A proposito di alambicchi… ecco un distillato di “La Grappa alla vipera”, il secondo libro  Renato Scagliola presentato due anni fa in frazione Deveys in una serata memorabile.

APOLOGIA DELL’AGLIO!

Ecco una elegia, una dedica, un’apologia e la teologia dell’aglio, un poemetto in prosa che per questo è detto prosaico. ..L’aglio nasce sottoterra dove diventa un giovanotto nerboruto, e si prende per chiara fama l’aggettivo di ctonio. Ma non Antonio, ctonio, con la c, come cutu, una parola greca che vuol dire sotterraneo, appartenente all’abisso, anche se l’abisso sta dieci centimetri sottoterra nell’orto, una parola mai sentita che piace soprattutto a Ceronetti che la mette ogni tanto a tradimento e obbliga a prendere il vocabolario che a quei  dei filosofi le piace solo le parole che non conosce nessuno.
 è la cultura.

Chi non lo piace l’aglio era sospetto di eresia già ai tempi dell’inquisizione, e la storia insegna che era obbligatorio coltivarlo già nel medioevo nel ducato di Savoia, perchè scacciava le streghe e anche i vermi, che gli mettevano una treccia al collo dei bambini, e chi non lo sa, diciamo che è buono anche contro i tumori, abbassa la pressione, combatte il colesterolo, ammazza le camole e le boje panatere, e guarisce anche la candida, che è quella malattia che le viene a ciulare nella neve o nella farina, mentre a farlo nella tornitura o sull’incudine, viene il tetano. Chiusa parentesi.

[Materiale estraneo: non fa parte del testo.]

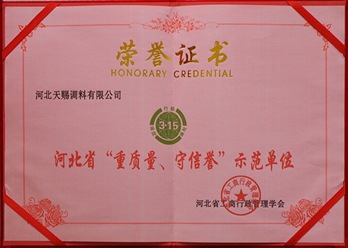 我公司先后榮獲 "河北省第五、六、七屆消費者信得過單位"、省級"食品安全先進企業"、省農行"AA級信用客戶";我公司是河北省調味品行業擁有五個"河北名牌"和二件"河北省著名商標"的企業標"的企業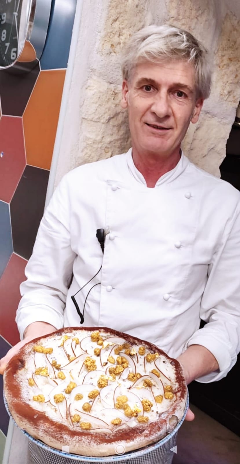 “Ho immaginato una pizza con sopra l’oro, commestibile e utilizzo un impasto lievitato più di 72 ore – racconta Carbonaro che è ormai conosciutissimo in città e in provincia per le sue creazioni gastronomiche – Quindi è impasto leggerissimo e che si ben digerisce. Ho creato un letto di ricotta ragusana al forno mantecata con anice stellato, cioccolato di Modica fondente. In uscita aggiungo farina di cocco assieme a delle delle pepite di cioccolato di Modica fondente con oro 24k commestibile e cocco fresco a fettine sottilissime”.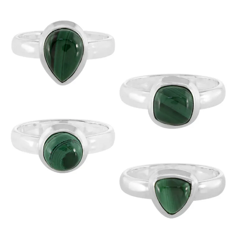 Entdecken Sie die üppige Tiefe des Kongo mit diesen Ringen aus Sterlingsilber, von denen jeder mit einem einzigartig geformten Malachit-Edelstein von insgesamt 7,221 ct besetzt ist. Vom glatten Regentropfen bis hin zu den antiken kissenförmigen, runden und trillantenförmigen Cabochons strahlen die Ringe zeitlosen Charme aus. Perfekt, um Ihrem Alltagslook oder besonderen Anlässen einen Hauch von Eleganz zu verleihen. Kombinieren Sie sie mit erdigen Tönen für ein harmonisches Ensemble oder kontrastieren Sie sie mit kräftigen Farben für einen auffälligen Effekt.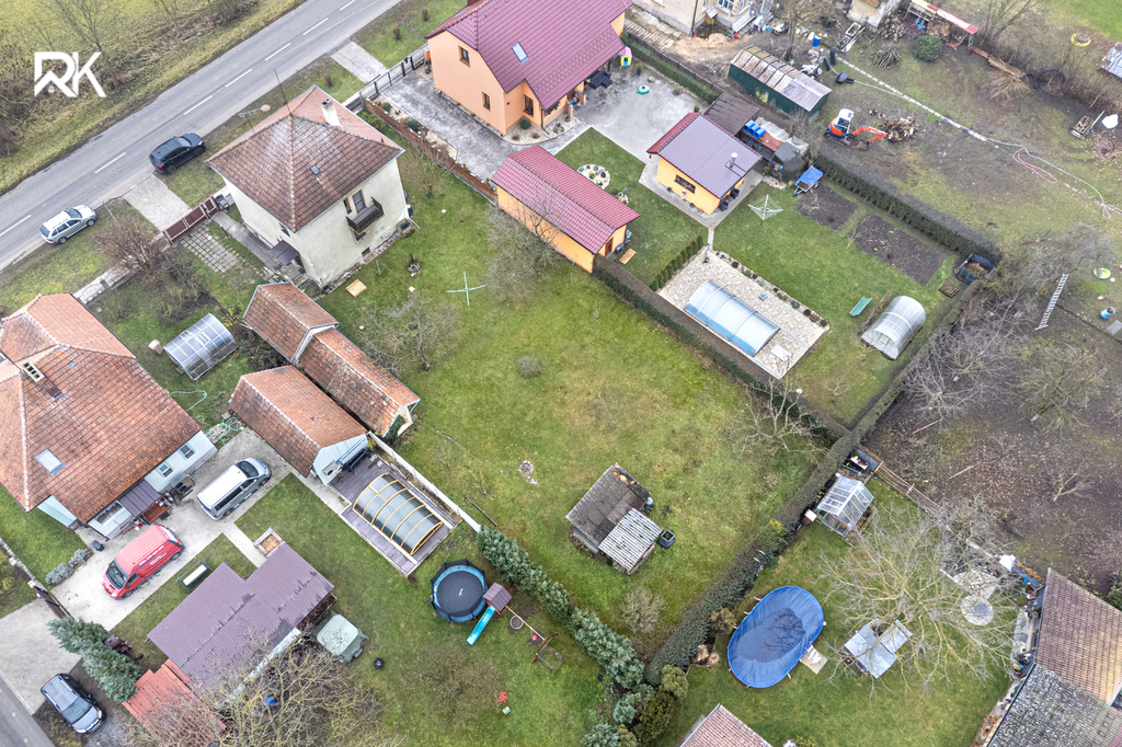 K domu náleží rovná, prostorná zahrada vhodná k relaxaci i rodinnému využití. Obec Dymokury nabízí kompletní občanskou vybavenost a výbornou dopravní dostupnost – Praha cca 40 minut, Hradec Králové velmi dobře dostupný.

E poi si racconta che la prima bagna cauda l’hanno fatta ad Albugnano, con l’olio di noci – e per grazia ricevuta hanno fondato l’abbazia di Vezzolano – che oltre a essere una pietanza sopraffina, serviva anche a guarire dalla peste, e ancora oggi è meglio della penicillina, perchè tonifica, santifica, slunga e slarga, fa chersi la barba e strens la bernarda. Tanto che lo fanno anche in pastiglie e perfino in supposte, anche se non c’è paragone, fra mettersi una supposta e mangiare una bagna cauda. Per dire.
L’aglio è altamente diffuso in natura, nel vocabolario, e nelle carte topografiche anche se nascosto e imprevedibile. Una roba magica, basta pensare a Cagliostro! Qualcuno dice che è di sinistra, ma di sicuro non si sa. Comunque a Berlusconi non piace. Non è una prova, ma un indizio sì.

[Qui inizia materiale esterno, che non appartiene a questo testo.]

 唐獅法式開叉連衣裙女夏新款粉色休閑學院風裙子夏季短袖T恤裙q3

Comunque è il mangiare preferito dal fabbro ferraio, il forgiairon, come testimonia il maglio, e anche del muratore quando deve fare un muraglione, e ci sono dei paesi altamente rispettabili dove si va volentieri a cantare e fare merenda, come Maglione, che serve anche d’inverno quando fa freddo, e Caraglio nella magnifica provincia di Cuneo dove tutti suonano la ghironda, e a Richiaglio, che nessuno sa dov’è, ma è un posto nascostissimo, piccolissimo, nelle valli di Lanzo, dove ci sono montanari gentili, anzi quasi nessuno, e devi andare apposta e se non sai la strada non vai e non torni neanche più indietro, e sei sperso come fossi nel Ladak nel silenzio solitario, con solo la voce di qualche beru, che neanche il campanile mezzo diroccato suona più, che la campana l’hanno rubata in tempo di guerra. E infine i vecchi lo raccontano ancora quanto fu tossico e indigesto quando Cadorna mandò i bravi alpini allo sbaraglio.
E non sembra vero, ma ci piace anche andare ad Agliè, perché non è solo un paese ducale, ma era l’antico grido di guerra dei contadini canavesani coltivatori di aglio che gridavano: <agliè, agliè, andona a plè> .

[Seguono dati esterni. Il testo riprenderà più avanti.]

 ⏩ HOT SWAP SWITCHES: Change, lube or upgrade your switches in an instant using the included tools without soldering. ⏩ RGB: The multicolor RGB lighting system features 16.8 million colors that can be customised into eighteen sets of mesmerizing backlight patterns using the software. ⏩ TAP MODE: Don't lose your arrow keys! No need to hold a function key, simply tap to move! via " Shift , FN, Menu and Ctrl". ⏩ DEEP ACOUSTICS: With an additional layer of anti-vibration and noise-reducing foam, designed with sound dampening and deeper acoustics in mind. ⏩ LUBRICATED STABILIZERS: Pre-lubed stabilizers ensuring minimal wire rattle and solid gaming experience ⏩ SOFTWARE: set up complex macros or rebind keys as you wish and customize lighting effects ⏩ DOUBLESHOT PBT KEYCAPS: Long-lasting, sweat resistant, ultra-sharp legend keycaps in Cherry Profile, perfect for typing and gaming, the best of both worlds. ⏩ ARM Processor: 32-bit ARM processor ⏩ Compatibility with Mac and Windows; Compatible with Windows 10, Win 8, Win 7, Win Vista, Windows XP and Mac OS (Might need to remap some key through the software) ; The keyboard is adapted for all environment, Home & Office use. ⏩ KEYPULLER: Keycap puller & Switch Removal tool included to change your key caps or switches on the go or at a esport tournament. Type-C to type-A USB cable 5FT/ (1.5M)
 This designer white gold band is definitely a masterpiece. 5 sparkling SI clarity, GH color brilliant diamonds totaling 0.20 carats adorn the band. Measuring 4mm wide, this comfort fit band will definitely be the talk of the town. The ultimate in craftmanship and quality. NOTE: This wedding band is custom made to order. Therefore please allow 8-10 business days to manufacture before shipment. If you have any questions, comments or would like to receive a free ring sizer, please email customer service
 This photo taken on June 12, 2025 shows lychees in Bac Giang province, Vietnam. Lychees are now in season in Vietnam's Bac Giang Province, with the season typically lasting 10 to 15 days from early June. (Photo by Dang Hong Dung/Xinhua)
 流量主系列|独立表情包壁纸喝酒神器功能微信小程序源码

E infine pensate alla meraviglia della soma d’aj, cibo epico e barbarico, che è anche una coppia di parole che sembrano un mantra tibetano, come dire un’invocazione, e invece è una pietanza che una volta era dei poveri e adesso è una specialità dello slow food che la espongono anche al Lingotto, e gli americani quando strofinano una fisca sopra le bergnoccole di una biova o di una grissia e la assaggiano gli gira la testa e rimangono sborditi e dicono my God , e non vanno mai più da mc donald, e gridano che Bush è un balengo (che magari è anche vero), e i francesi le girano le balle perchè non l’hanno inventato loro. …….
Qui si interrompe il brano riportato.